A few weeks later, I sat in my doctor’s office for my annual check-up. He listened as I detailed my family history, my dad’s diagnosis and asked what I could do to avoid this fate for myself.
“You need to eat healthy and do moderate exercise. It’s not the vegans or the marathoners or the Cross-Fitters who live the longest. It’s the old lady who gardens and walks every day,” the doctor said.
And there it was. I knew it. Exactly what I had been telling my parents for years. I nodded my head and tapped my foot. Under my mask, I might even have been smiling.
“But,” he continued, “with your genetic history, there’s really nothing you can do to stop it. These things might help slightly, but they also might not. We have no proven way to prevent Alzheimers and no cure.”
***
Denial, anger, bargaining, depression, acceptance.
- The Five Stages of Grief
All these years, I had been in denial. I told myself if we worked hard enough, we could save my dad’s memory. It was never true.
I am in the anger phase now. It shoots out of me without reason or warning.
I am angry at my high school biology teacher for telling the class we were 10-15 years away from a cure for Alzheimers. I’m angry at my husband for not realizing when the dog chews on her dew claw it means she needs a nail trim. I’m angry at my mom for putting her life on hold to raise children and support my dad’s career. I’m angry that she saved all her best plans for retirement and now she won’t get to do any of it.
I am angry at my sister for saying she might move closer to my parents to help my mom because I assume she thinks I won’t. I’m angry when she gets her dream job and doesn’t move after all.

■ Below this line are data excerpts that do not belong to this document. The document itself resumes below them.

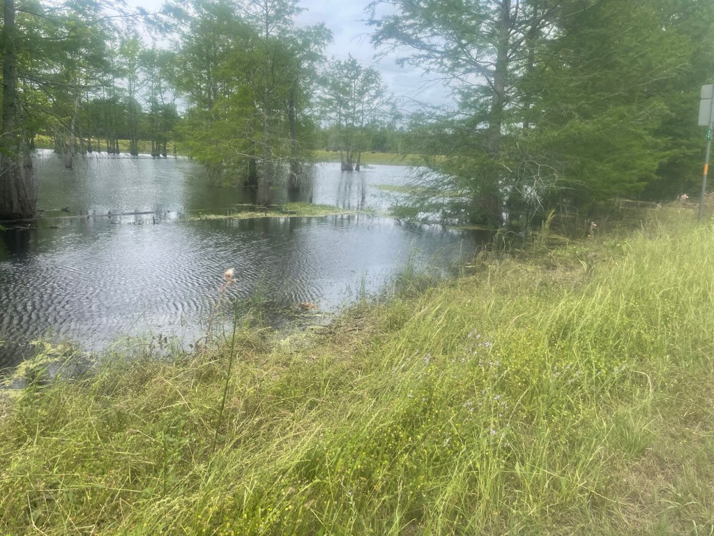 My Big breakfast! Couldn’t quite finish the pancakesStu’s grill where we had breakfast Mulch plant we passedMore wildflowers More flooding. This is Calcasieu River. RVs in the trees were flooded. Ryan, the local fire chief, had just finished mowing around the fire house when we arrived
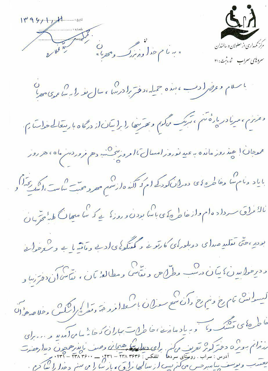 پایان فراق ۲۵ ساله عمو و برادرزاده در سالمندان سراب + نامه عاشقانه شناسه خبر: 45744 تاریخ و زمان ارسال: 21 فروردین 1396 ساعت 13:28 نویسنده: modir
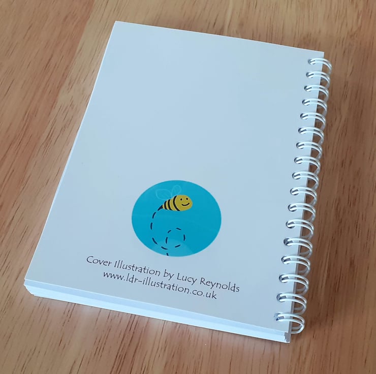 The front cover features my 'Rainbow Bees' illustration and has a white wire binding. I painted the original illustration digitally.
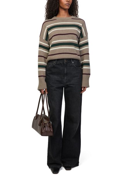 Reveal Skall Studio's crop round neck sweater, crafted in ribbed fabric with a striped print. The dropped sleeves and long-sleeved silhouette offer a relaxed yet refined look, making it a versatile choice for layering or pairing with high-waisted pieces for a modern statement.
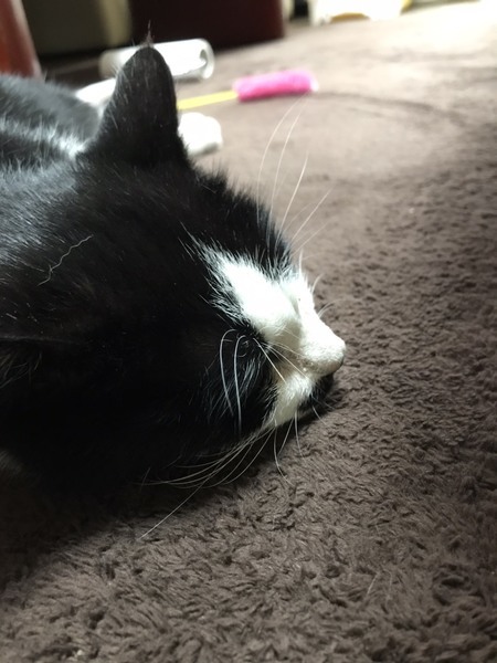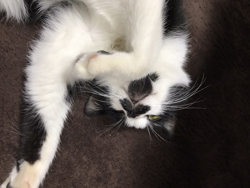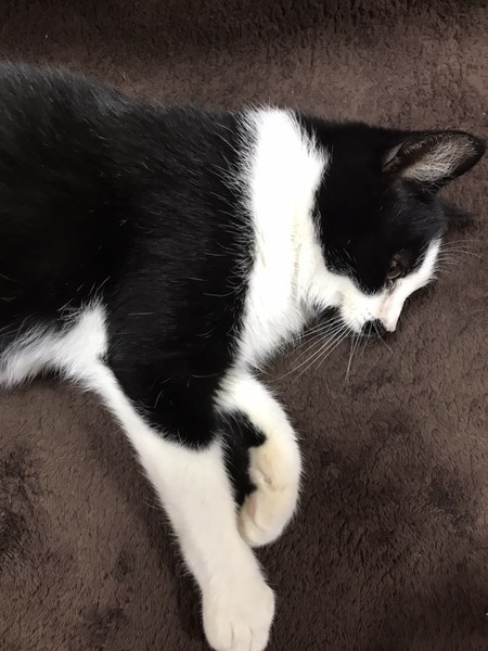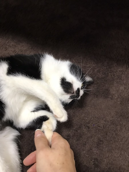 | 特徴(性格など) | 女の子のシロクロちゃん、人の側で寝たがるほどの甘えん坊です。食欲旺盛で食べてすぐ寝るところはとても可愛いです。先住猫ちゃんともよく遊びます。一人遊びも大好きでおもちゃで飽きるまで遊んでます。 | ||

I am angry that the treadmill I ordered in August still hasn’t been delivered. I’m angry at work for taking all my time and at myself for giving it away. I’m angry at one of my oldest friends for texting my husband to find out if I was okay when I didn’t respond to her because I just couldn’t talk about this any more.
I am angry that my daughter might someday feel like I do now.
***
My mother calls to report on my dad’s latest cognitive test with the neuro-specialist.

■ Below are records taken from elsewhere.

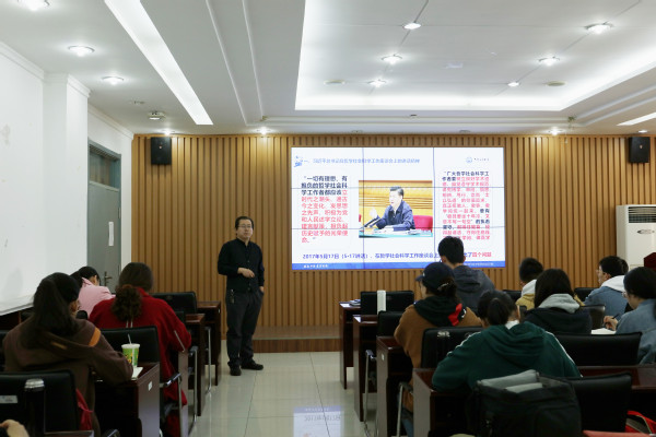 在讲座上,张瑞涛首先带领同学们认真学习了习近平总书记在哲学社会科学工作座谈会上的重要讲话,领会了必须坚持马克思主义在我国哲学社会科学领域的指导地位,必须加强和改善党对哲学社会科学的领导,贯彻百花齐放、百家争鸣的会议精神,从宏观上把握了人文社科类研究生的历史使命。随后,张瑞涛讲到研究生学术研究的三重使命———立学之本,学术研究当诚信;为学之命,学术研究要创新;治学之范,学术研究需规范。并结合自身经历勉励同学们在读研过程注重真、新、范,做一个时代需要的、合格的研究生。最后,张瑞涛强调要正确处理研究生学术生活的三个关系,即研究生和导师的关系,研究生与学术资料的关系,研究生和日常生活的关系,并给予各位研究生许多真诚的建议。
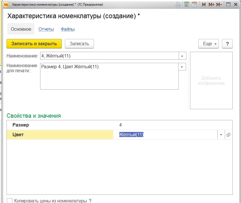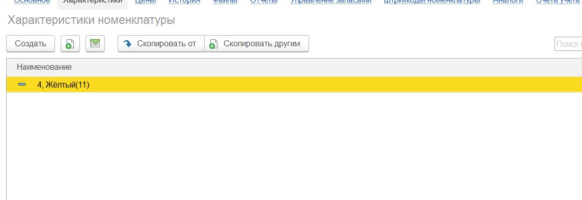 При создании вручную позиции номенклатуры категории обувь (в которой прописан этот же общий список свойств характеристик), если ранее не создавал сочение 1, то создаю вручную 1 красный и получаю характеристику 1, Красный.
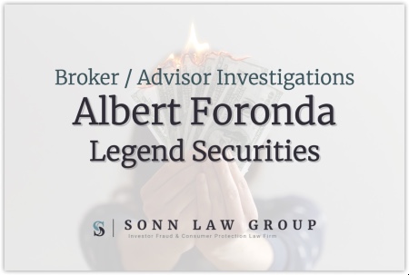 The Sonn Law Group is currently investigating allegations that Albert Foronda made unauthorized transactions We represent investors in claims against negligent brokers and brokerage firms. If you or your loved one experienced investment losses, we are here to help. For a free consultation, please call us now at 866-827-3202 or complete our contact form.
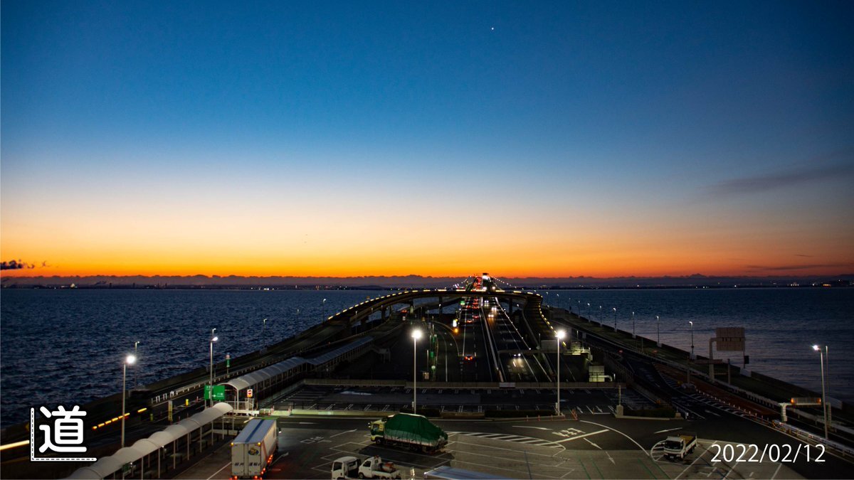 房総半島に向かう #東京湾アクアライン 海ほたるPAでの黎明。アクアブリッジ上方に明けの明星も輝く。1997年12月に開通。神奈川県川崎市側は東京湾の大型船舶と羽田空港への旅客機の航行を考えて約10kmのシールドトンネル、#海ほたる を挟んで橋梁約5kmで千葉県木更津市を繋ぐ #道 #橋
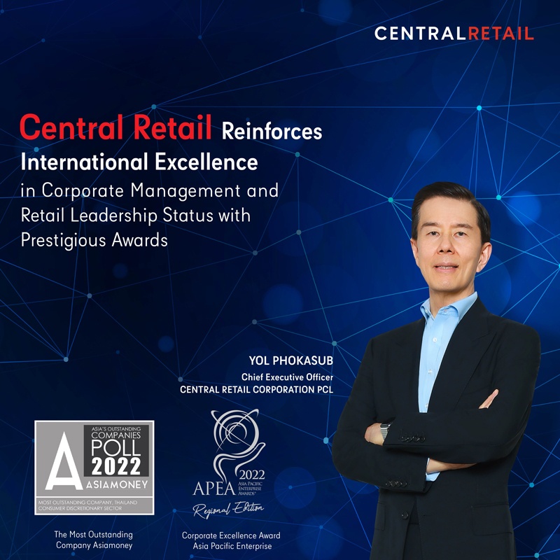 Bangkok: October 21st, 2022 - Central Retail Corporation PCL (CRC) solidifies its positioning as a retail leader of the future by winning two major global awards of business excellence; being voted #1 in Asia’s Outstanding Companies Poll 2022, organized by Asiamoney, in the group of The Most Outstanding Company in Consumer Discretionary category, for the second consecutive year, and winning the Corporate Excellence Award from Asia Pacific Enterprise Awards 2022 (APEA) Regional Edition. These awards illustrate the potential of strong and efficient management and solid performance, recognized by leading international institutions.

“One of the exam questions was ‘How many planes were involved in 9-11?’ He said ‘two’ but then he remembered and changed his answer to ‘three.’ So that was good."
“There were four,” I reply. “Pennsylvania.”

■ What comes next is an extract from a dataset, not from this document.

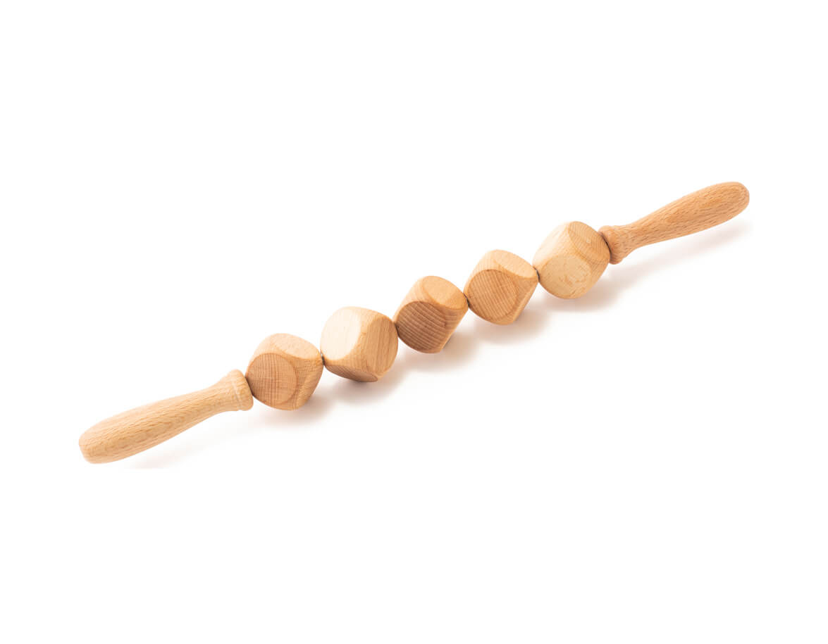 Masážny valček zložený z 5 kociek so zaoblenými hranami z bukového dreva. Tvarované rukoväte príjemne padnú do dlaní. Valček je vhodný na masážne ošetrenie problematických partií tela s výskytom vyššej vrstvy podkožného tuku, celulitídy alebo povolenej kože, ako sú stehná, zadok, bruško, boky a paže.
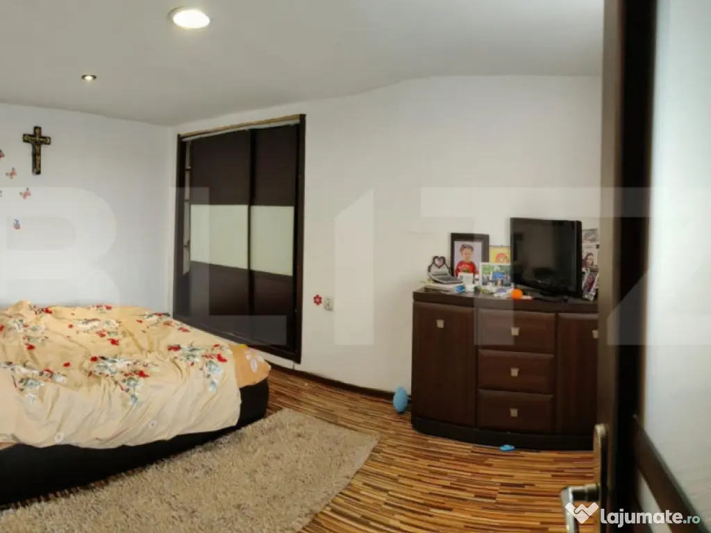 Blitz vă oferă spre vânzare o casă deosebită, construită în anul 1995, cu o suprafață utilă totală de 265mp pe un teren generos de 2667mp. Casa este la intrarea in Reghin dinspre Targu Mures, situata pe teren drept, cu intrare din strada sau din curte. Curtea este frumos amenajata cu pavaj, terasa acoperita, spatiu verde, livada cu pomi fructiferi. Pe teren se afla si doua sere solide, pe fundatie de beton, structura de fier si acoperite cu sticla plus o rasadnita generoasa pe fundatie de beton, acoperita cu plexiglas, ideala pentru a incepe o afacere sau pentru a creste o gradina moderna pentru consum propriu. Casa dispune si de instalatie curent trifazic, este racordata la apa din fantana proprie, la reteaua de gaz si canalizare. Fiind compartimentata in doua zone, in prezent, una pentru locuit si cealalta pentru uz comercial, casa are doua centrale pe gaz si una pe lemn. Incalzirea la parter in zona de locuit este prin pardoseala iar in restul zonelor este cu calorifere. Zona de locuit dispunde de o bucatarie superba complet mobilata si utilata, un living generos, baie, dressing, hol mare, dormitor, scari interioare din beton pentru acces subsol si etaj. Cele doua camere de la subsol sunt finisate cu gresie si faianta, ideale pentru camara, sau spatii de depozitare. La etaj gasim 3 dormitoare. Zona pentru uz comercial in prezent, este compartimentata in doua camere mari cu bai separate si acces etaj pe scara interioara din lemn unde gasim o camera foarte generoasa open space cu iesire in balcoane si o baie. Casa are foarte multe avantaje si beneficii si merita vizionata! Cod ofertă / ID BLITZ: P162623 Id intern: P162623 Număr niveluri imobil: 1 Număr Băi: 4 Curent Canalizare Gaz Climă

“Oh,” she says. “You’re right.”
***
Last year, an old friend with three little children died of cancer before she turned 40. I heard stories of her family gathered around her bed, singing songs, playing games and watching her favorite TV shows. I want to be like them – but so far, I’m not.
My dad wouldn’t want this rageful, weary version of me. He would want me to remember the Saturdays when he took my sister and I to the movies. Afterward in the parking lot, while we were coming down off our candy high, he would walk us all the way to the car, claim he forgot something and turn us back toward the theater. Just as we’d reach the door, he’d pull out tickets to another movie we wanted to see. “How about a double feature?” he said, while we jumped up and down in excitement.
He would want me to remember the time he, out of nowhere, took French cooking classes and made us four course meals complete with chocolate soufflé, fancier than anything our casserole-based Midwestern palates could imagine.
He would want me to remember him waiting until my mom wasn’t looking and slipping a calculator under my bedroom door so I could finish my math homework faster, come to the yard and toss a baseball with him until the sun set.
***
I am scared of losing my father.
I am scared that one day this will happen to me.
I am scared of wasting the time we have left.